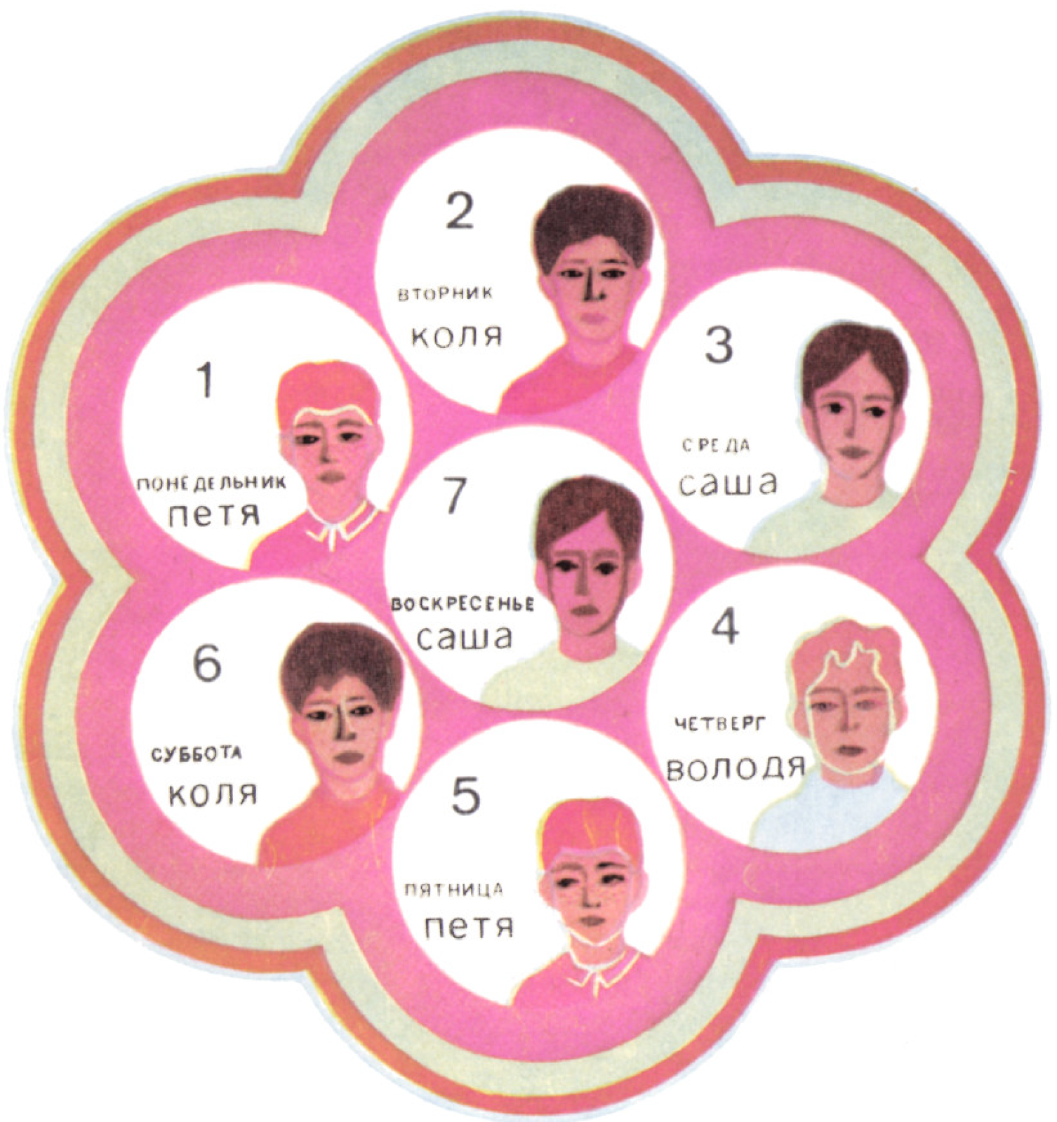 функцией дня недели. Так как дней недели семь, а мальчиков четыре, то мы нарисовали
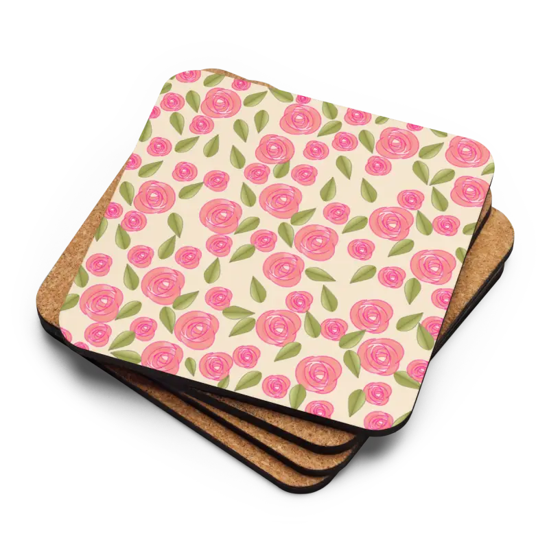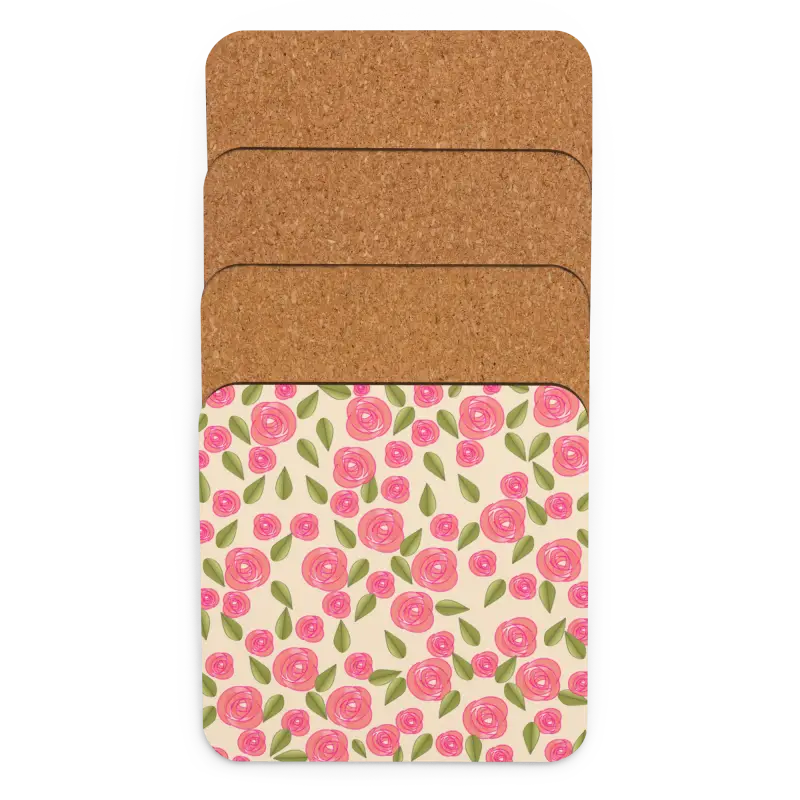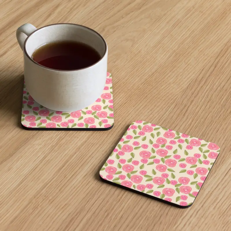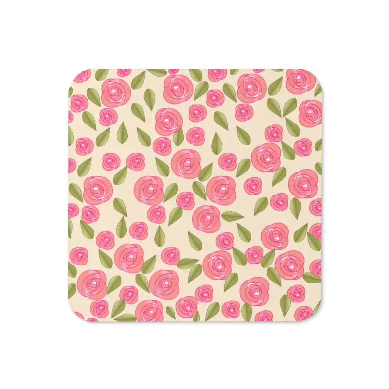 Let your living space shine with the on-trend pink roses print while enjoying the reliability of a heat resistant cork back coaster. Add this elegant must-have to your cart now and enjoy sophistication and peace of mind with every sip!
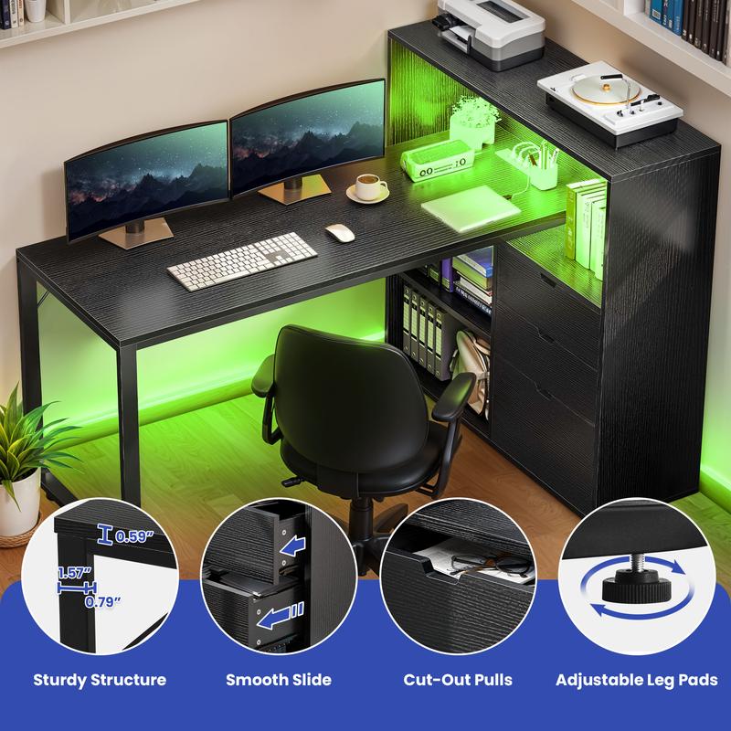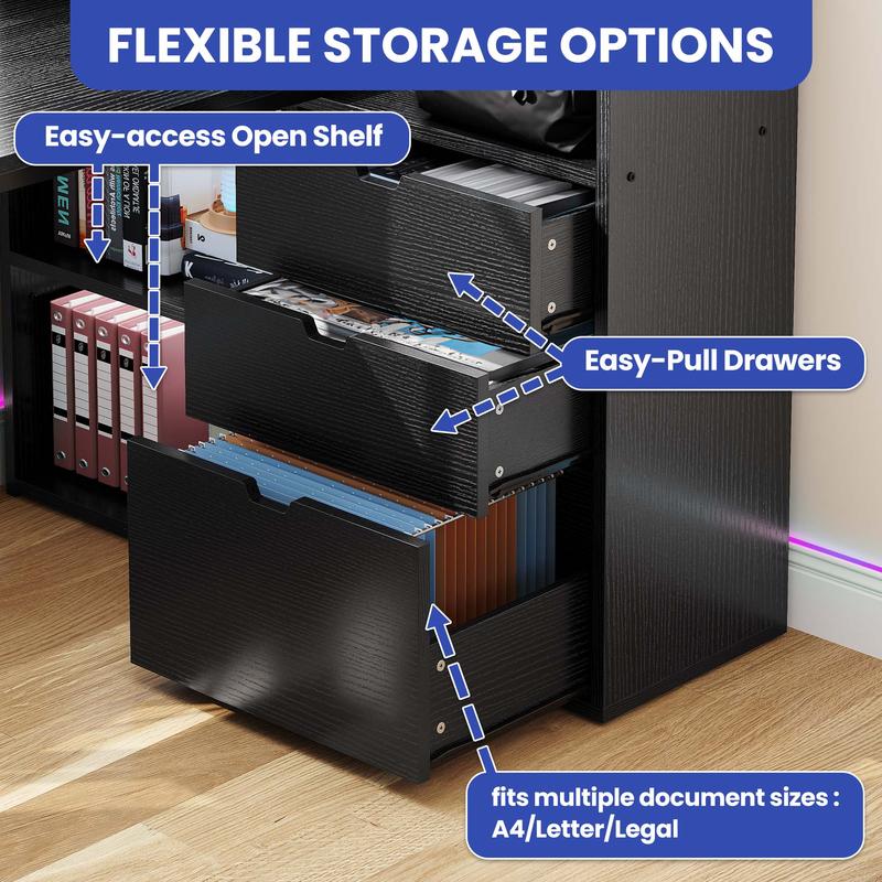 L Shaped Desk with Bookshelf: 2-in-1 corner desk combines office desk with bookshelf featuring 1 file drawer with adjustable hanging bars for letter, A4, legal size files, 2 drawers for small office supplies, and 2 bottom open storage shelves with 3-heights adjustable for different heights item. Also, the spacious upper open shelf can be also used as printer stand holding printers, scanners, fax machines or any other office machines within your reach to improve working efficiency
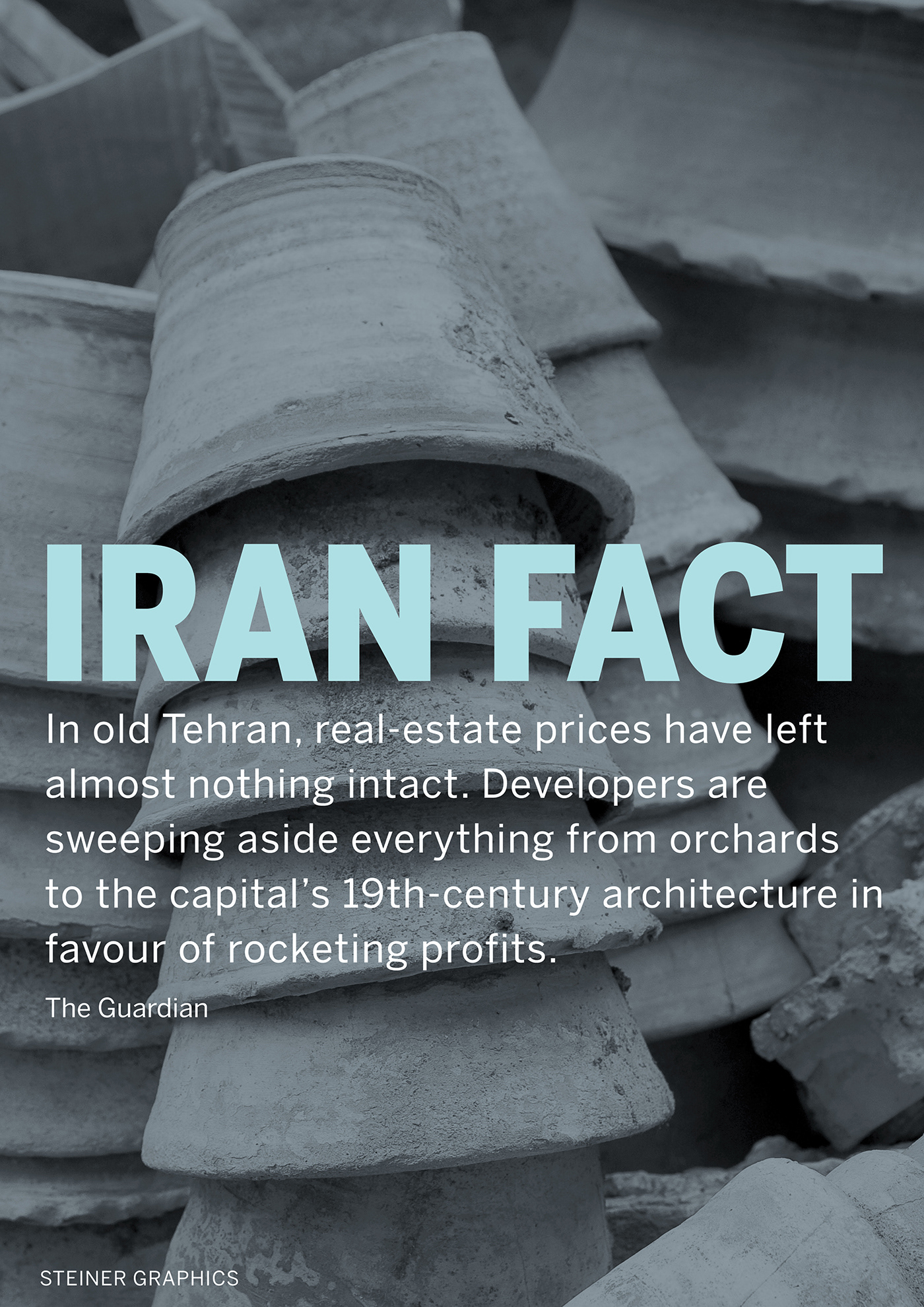 A series of posters highlighting salient facts related to human rights, the environment and culture in Iran.
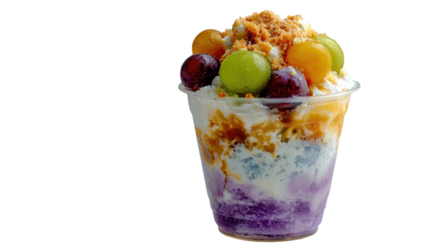 Colorful Filipino halo-halo dessert served in a glass, layered with shaved ice, fruits, jelly, ube, and leche flan topping

********************

The lines to retype begin with the one containing "A series of" and end with the last line of the records. Reproduce them exactly and omit the pictures.

 A series of posters highlighting salient facts related to human rights, the environment and culture in Iran.
 Colorful Filipino halo-halo dessert served in a glass, layered with shaved ice, fruits, jelly, ube, and leche flan topping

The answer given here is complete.